Up-regulation of chaperones and the UPR pathway upon depletion of eIF5A.
(A) Validation of increased proteins (identified from iTRAQ) including those belonging to ‘Protein folding’ category (Fig. 4A) by western blot. (B) The levels of selected proteins involved in triggering ER stress and UPR were measured by western blotting using specific antibodies.
We then examined the levels of the ER stress marker proteins involved in the three canonical pathways of UPR, including inositol-requiring protein 1α (IRE1α), phos-IRE1, activating transcription factor 6 (ATF6), protein kinase-like endoplasmic reticulum kinase (PERK) and phos-PERK (Fig. 5B). As these proteins were not detected by iTRAQ, their levels were examined by western blotting using specific antibodies. The levels of total-PERK and phos-PERK did not exhibit a noticeable increase in eIF5A-depleted cells. Nonetheless, their downstream signaling molecules, ATF4 and CHOP were clearly enhanced between 24–48 h and 24–72 h, respectively, in Ad-eIF5A-shRNA-transduced cells. The phos-IRE1 was increased between 24 h to 72 h in the eIF5A shRNA-transduced cells compared to the controls. Most of all, the activated p50-ATF6 level was remarkably enhanced in eIF5A-depleted cells between 24 h to 96 h of the viral transduction, indicative of a major ATF6-mediated UPR with partial contribution of PERK- and IRE1-pathways. The activation of the ATF6 pathway probably led to transcriptional activation of expression of those chaperones listed in Fig. 4A and Table 2. Curiously, we observed consistent disappearance of IRE1, phos-IRE1, PERK, phos-PERK and several other proteins at 96 h of AD-eIF5A-shRNA transduction. In the cases of PERK and phos-PERK, a protein band at 50–55 kDa was detected instead of ~125 kDa at 96 h, suggesting a specific proteolytic cleavage of PERK between 72–96 h of Ad-eIF5A-shRNA transduction. Since eIF5A was extensively depleted by 72 h of Ad-eIF5A-shRNA transduction (Fig. 1A), a sudden decline of these proteins at 96 h might be secondary effect possibly due to other changes, e.g. activation of cellular proteolytic machinery or denaturation of these proteins upon prolonged exposure to eIF5A-deficient cellular environment, rather than a direct consequence of eIF5A depletion on their synthesis.
Discussion
Eukaryotic initiation factor 5A (eIF5A) is an essential cellular factor with a unique amino acid, hypusine, formed post-translationally only in this protein. This putative translation factor has been implicated in a variety of cellular processes including mRNA decay22 cell cycle progression26, apoptosis29, cell polarity23,24, retroviral infection26,28, translation elongation at polyproline sites21 and stress responses35. In spite of decades of research, the true physiological function of this protein and its critical hypusine residue has remained enigmatic2,3,4. At the molecular level, a recent report suggested that, like its bacterial ortholog EF-P, eIF5A can alleviate ribosome stalling at polyproline stretches and promote synthesis of polyproline-rich proteins in S. cerevisiae21. However, there has not been definitive experimental evidence that could substantiate this conjecture either by global proteomic analyses or ribosome profiling of eIF5A-deficient cells. In the current study, we have made an iTRAQ approach to assess the outcome of loss of eIF5A on the total proteome of HeLa cells and to identify the cellular pathways and processes affected by eIF5A depletion. Our proteomic data reveal alterations in several specific cellular pathways, with particularly strong increase in the level of a number of chaperone proteins in Ad-eIF5A-shRNA-transduced cells and suggest ER stress and primarily ATF6-mediated UPR in eIF5A-deficient cells.

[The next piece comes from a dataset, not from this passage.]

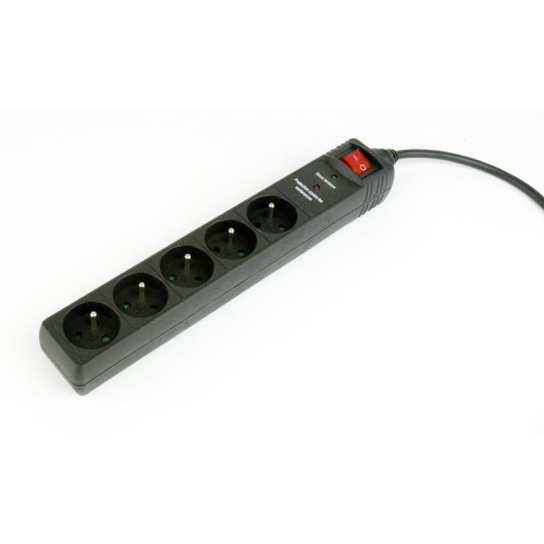 Prepäťová ochrana pre kanceláriu a domácnosť so vstupným napätím max. 250 V, 5 zásuviek 220V. Nehorľavé púzdro, zásuvky s detskou ochranou, vypínač. Maximálne celkové zaťaženie: 250 V AC, až 16 A, (50 - 60 Hz), Maximálne prepäťové napätie 6000 V, maximálny špičkový prúd 9000 A, energia 250 Joulou, Zásuvky: 5 X francúzskeho typu (kompatibilný s nemeckým typom Schuko), Nemecká (Schuko) zástrčka 16 A 1,5 mm2 napájací kábel, 1,5 m, Rozmery: 330 mm x 56 mm x 45 mm, Teplotný rozsah: (-5 ... + 40) ° C, Čistá hmotnosť: 0,45 kg, detská ochrana

Our data show that HeLa cells depleted of eIF5A undergo growth arrest and eventual apoptosis. However, the growth inhibition cannot be solely attributed to an overall inhibition of protein synthesis, because there was no pronounced inhibition of total protein synthesis in Ad-eIF5A-shRNA-transduced HeLa cells compared to their Ad-scramble-shRNA-transduced counterparts. This is in agreement with the hypothesis that eIF5A affects the translation of only a subset of mRNAs and is consistent with the relatively small effects of eIF5A depletion on the overall protein synthesis rate and a small portion of proteins (104 out of the 972 proteins commonly identified in three iTRAQ experiments) significantly altered in levels at 72 and/or 96 h of Ad-eIF5A-shRNA transduction.

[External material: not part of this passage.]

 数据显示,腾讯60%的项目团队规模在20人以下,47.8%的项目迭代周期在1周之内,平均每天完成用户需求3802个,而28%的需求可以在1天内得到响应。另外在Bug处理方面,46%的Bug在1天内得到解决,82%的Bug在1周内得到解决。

The role of EF-P in alleviating ribosome stalling at polyproline stretches is well established, although target of EF-P may not be limited to polyproline stretches15 and other factors i.e., the upstream sequence context36 and translation initiation rate37 may affect ribosome stalling in bacteria. In spite of the general assumption for the same mechanism of action for EF-P and eIF5A, there has been only one major report on the effect of eIF5A on polyproline elongation21. Our data show that polyproline-containing proteins were either increased or decreased in Ad-eIF5A-shRNA-transduced HeLa cells (Fig. 3) with no exclusive effect of eIF5A depletion on the polyproline-containing protein levels. The mechanistic role of eIF5A on the relief of ribosome stalling and the translation of polyproline motifs has not yet been demonstrated in mammalian cells or cell-free lysates and no ribosome profile data have been reported. Previous proteomic studies employed inhibitors of the hypusine biosynthesis enzymes, DHS or DOHH, siRNA or stable eIF5A shRNA cells for depletion of eIF5A32,33. None of those studies achieved as drastic depletion of eIF5A as did the Ad-eIF5A-shRNA transduction used in our work. The first proteomic study32 identified, by 2D PAGE separation, several cancer related proteins differentially expressed in cervical cancer cells treated with a DOHH inhibitor or eIF5A siRNA. Another study33 examined proteomic changes in pancreatic cancer cells stably transfected with eIF5A shRNA or treated with a DHS inhibitor by using one dimensional PAGE and spectral counting method, which does not yield as precise analysis as iTRAQ. While these studies focused on different altered pathways, neither their data nor our current data offer substantial support for a specific or exclusive role for eIF5A in the synthesis and maintenance of the levels of polyproline-containing proteins. Thus, elucidation of the mechanism of eIF5A in eukaryotic translation warrants further investigation.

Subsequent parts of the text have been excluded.